Replaced the electrolytic caps with 0.2uF 630V film caps (2 0.1uF
in parallel), that fixed it, the resistors only dissipate about a
watt each. Still a bit on the hot side but not a problem. Going to
a lower value for the coupling capacitors was not a problem as
they're feeding a ~500K impedance putting the -6db point at about
1.6hz. So yay for having a schematic available, making it a fairly
easy fix. The sad part though is likely every one of those amps
will eventually fail - don't use electrolytic coupling caps for
tube stages.
6/4/25 - The 5E3 Deluxe Kit I
ordered from Weber Speakers has arrived!
This kit is for experienced builders, it does not come with
instructions beyond the schematic and layout linked from the web
site. It's cheaper than some other kits as it does not include
tubes (except for a Weber Copper Cap rectifier) and the
transformers and other electronic parts are sourced overseas but
that's OK I'm cheap too. I'll probably replace the filter caps
with 22/500 FT caps but other than that as long as it works I
don't care where the parts came from. The cabinet and chassis are
top-notch made in USA with a Weber alnico speaker already
installed, that's what really matters. It took awhile to get the
kit (over 3 weeks), like they made it just for me! Oh and it comes
with a cuzy... [rest of this post and the next deleted, was a good
start but got better once I better understood the circuit]
6/11/25 - It's together!
Construction went well, everything needed was included but I
added a few extra things I wanted - green wire for the filaments
(the kit included lots of blue but nah gotta have green), 3/8"

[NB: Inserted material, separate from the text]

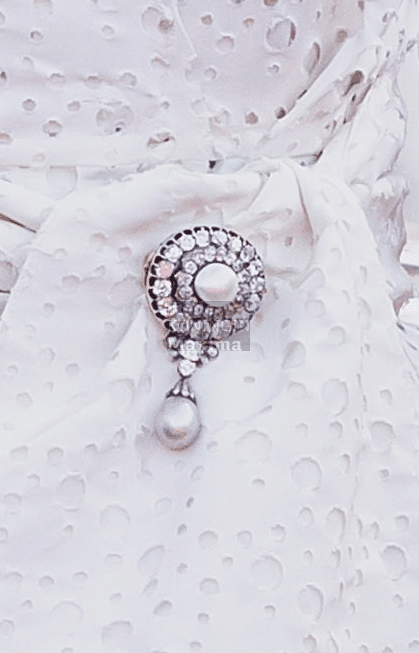 Deze prachtige parelbroche vind ik op de strikceintuur geen succes.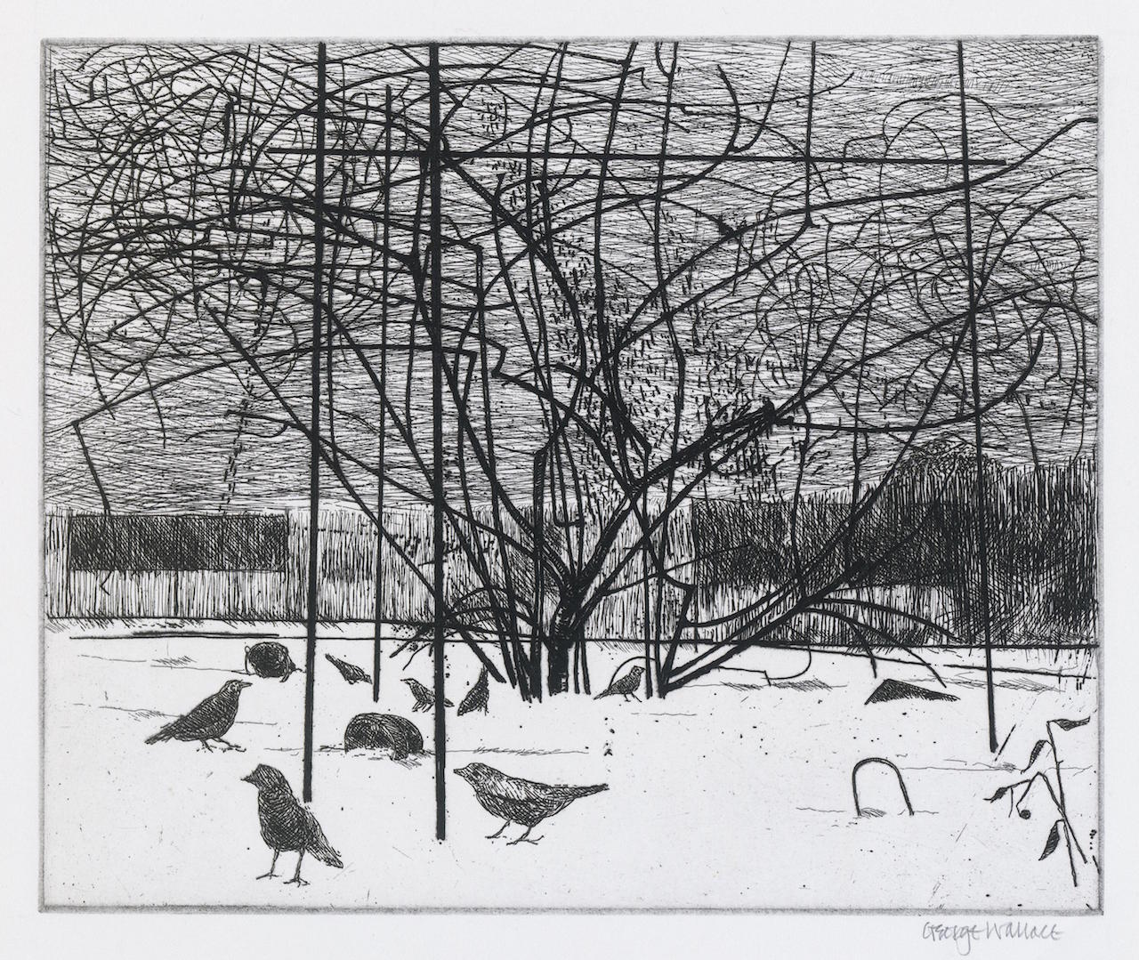 image ⓒ National Gallery of Ireland#117 - Forsythia in the Snow, 1993, etching, 25.4 x 30.4 cm. —

lockwashers to go under the jacks and controls, a couple of solder
lugs, an 8/32 nut and a lockwasher to avoid having to solder to
the chassis, and some things not part of the original design -
470/2W screen grid resistors (habit), an extra 0.1uF cap and 250KA
control for a master volume, two 330K bleeder resistors, two
1N4007 diodes in series with the rectifier tube plates to avoid
sparking when using a real rectifier tube, and a 1000pF mica cap
to link the channels when nothing is plugged into the bright
channel #1 jack (a simple wire link didn't work out). I did use my
own 22/500 F&T filter caps and a Sprague 25/50 bypass cap
across the 250/5W cathode resistor, and lost one of the 1.5K
resistors for the 6V6 sockets so used my CC's, otherwise used all
the supplied parts. The resistor legs weren't long enough to span
the full width of the fiberboard but that wasn't an issue, the
affected ones were bypassed by capacitors which did fit so just
soldered the resistors to the capacitors first. Most of the
smaller resistors were 1% type and kind of hard to read, used a
meter to make sure I had the right values. It took about one long
day to assemble the kit and get it working, not counting the
tweaks I made after assembly.
Here's a schematic of the modified 5E3 circuit [updated to include the gain reduction mod]...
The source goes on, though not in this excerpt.